IU has earned a 2019 Tree Campus USA recognition from the Arbor Day Foundation, an award given to colleges that meet the organization's five standards. IU has been recognized every year since the inaugural year in 2008.
The Arbor Day Foundation is a nonprofit organization that advocates for the planting and care of trees. Its five standards are upholding a tree advisory committee, campus tree care planning, dedicated annual expenditures for the campus tree program, having an Arbor Day of observance and provide a service learning project.
“Tree Campus USA encourages colleges and universities to make a positive impact on their student, staff and environmental footprint through trees,” Arbor Day Foundation spokesperson Jennifer Hallaman said. “Green spaces give students and faculty a setting to relax outdoors, and trees can significantly reduce the amount of energy that a campus needs to generate.”
Purdue University, Butler University, Indiana State University and Franklin College were among other Indiana colleges that earned the 2019 Tree Campus USA recognition.
Burnell Fischer, a professor emeritus in the O'Neill School of Public and Environmental Affairs, said he has encouraged IU to meet the standards set in place by the Arbor Day Foundation to achieve the recognition since the first year. He said he wanted to do this to show that IU is recognizing the standards put into place by the Arbor Day Foundation.
Fischer was one of the members of the original committee that designed the Tree Campus USA program for the Arbor Day Foundation.
He said the Arbor Day Foundation wanted to modify the Tree City USA standards to make them realistic for campuses to achieve the recognition and it wanted to expand its outreach, so it began targeting campuses.
“While we were putting those standards together, I was talking to people at IU,” Fischer said. “We didn’t meet all of these standards yet, but we could very easily, so I just encouraged IU to get up to speed so that the first year they could be a Tree Campus USA.”
He now leads the Bloomington Urban Forestry Research Group, a research lab that is made up of students and other faculty members.
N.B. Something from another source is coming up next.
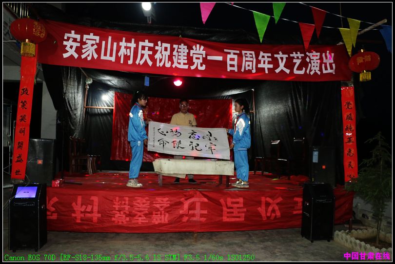 演出从观看安家山村的发展历程幻灯片中拉开序幕,通过声情并茂的解说和栩栩如生的纪实画面,把安家山村的发展展现的淋漓尽致。演出过程中,通过配乐朗诵、情景表演汉字书写、合唱《我们是共产主义接班人》、独唱《唱支山歌给党听》,秦腔传统剧目《二进宫》选段等10多个精彩纷呈的节目,表达了安家山村人民坚定不移听党话、感党恩、跟党走的浓烈情感。整场演出主题鲜明、内容丰富,演出结束时,全体演职人员高唱《歌唱祖国》,激昂有力的歌声表达了对党的无限热爱。

He said it was established about eight years ago. They research a variety of things, one of which being patches of forest in urban areas, such as Bloomington.
Stephanie Freeman-Day, a Ph.D. student studying environmental science, works with Fischer in the Bloomington Urban Forestry Research Group. She said she got involved with the group because she took Fischer's urban forest management class.
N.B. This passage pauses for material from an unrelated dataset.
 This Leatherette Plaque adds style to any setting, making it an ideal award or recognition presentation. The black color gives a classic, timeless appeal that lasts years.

“I really enjoyed the course, so I’ve been with him since fall of 2018,” Freeman-Day said.
Freeman-Day said that she is working on a project examining urban forest patches on IU’s campus for the Urban Forestry Research Group. She said the group is interested in the preservation of existing patches of forest on IU’s campus.
“I think the recognition is great,” Freeman-Day said of the Tree Campus USA recognition. “I think IU serves as a leader for other universities around the state to be doing things like that.”